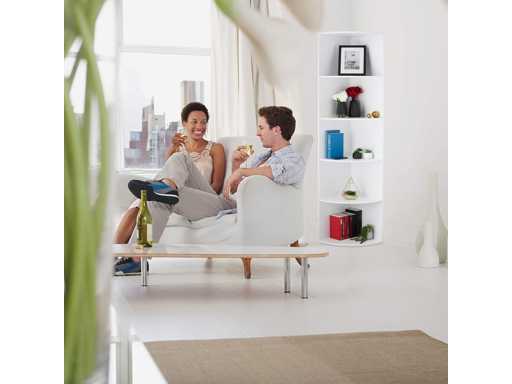 The corner shelf with the 5 half-round tray supports offers plenty of space in the living room
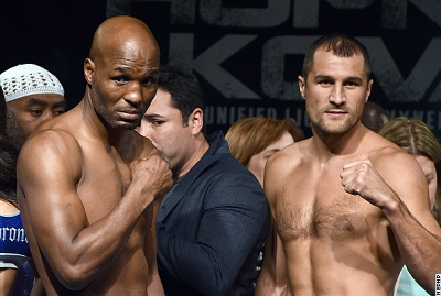 あす8日(日本時間9日)米アトランティックシティのボードウォーク・ホールでゴングとなる3団体統一L・ヘビー級タイトルマッチの計量が7日、現地で行われた。WBAスーパー&IBF同級王者のバーナード・ホプキンス(米)は173.5ポンド(78.69キロ)、WBO同級チャンピオンのセルゲイ・コバレフ(ロシア)は174.5ポンド(79.15キロ)でそれぞれリミットの175ポンド(79.38キロ)をパスした。
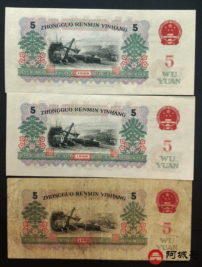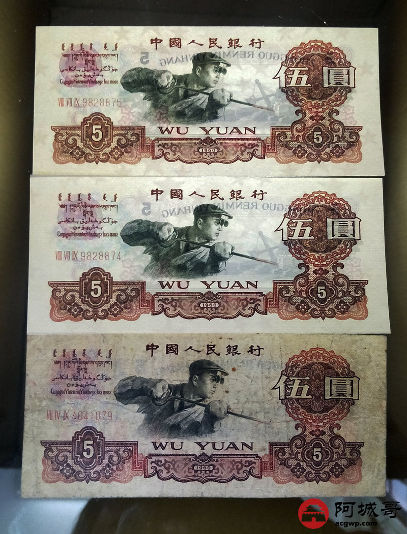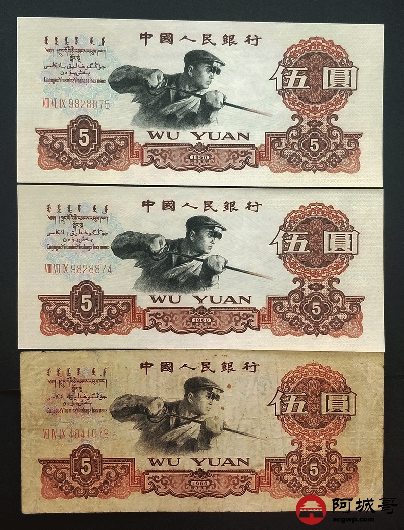 Lot:56 三版人民币 1960年 五圆炼钢工人 中国人民银行 3张75至95成新
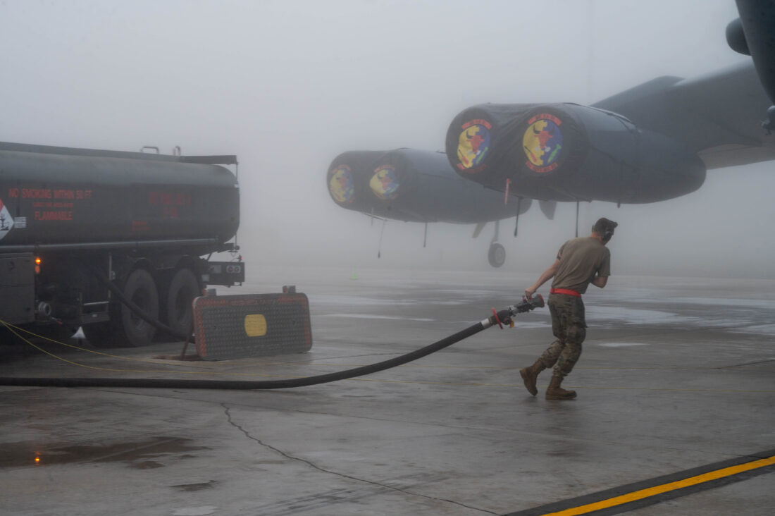- A 5th Bomb Wing fuels team member prepares to fuel a B-52H Stratofortress at Minot Air Force Base on Aug. 24 in this Air Force photo by Airman 1st Class Alexander Nottingham. Having a fuel capacity of 312,197 pounds, the B-52H is prepared whenever and wherever it is needed by a fuels team working around the clock.

Problem description –
Give back only the lines from the one that carries "Lot:56 三版人民币 1960年 五圆炼钢工人 中国人民银行 3张75至95成新" through the final line above, both included. Drop all pictures.

Worked solution –
 Lot:56 三版人民币 1960年 五圆炼钢工人 中国人民银行 3张75至95成新
- A 5th Bomb Wing fuels team member prepares to fuel a B-52H Stratofortress at Minot Air Force Base on Aug. 24 in this Air Force photo by Airman 1st Class Alexander Nottingham. Having a fuel capacity of 312,197 pounds, the B-52H is prepared whenever and wherever it is needed by a fuels team working around the clock.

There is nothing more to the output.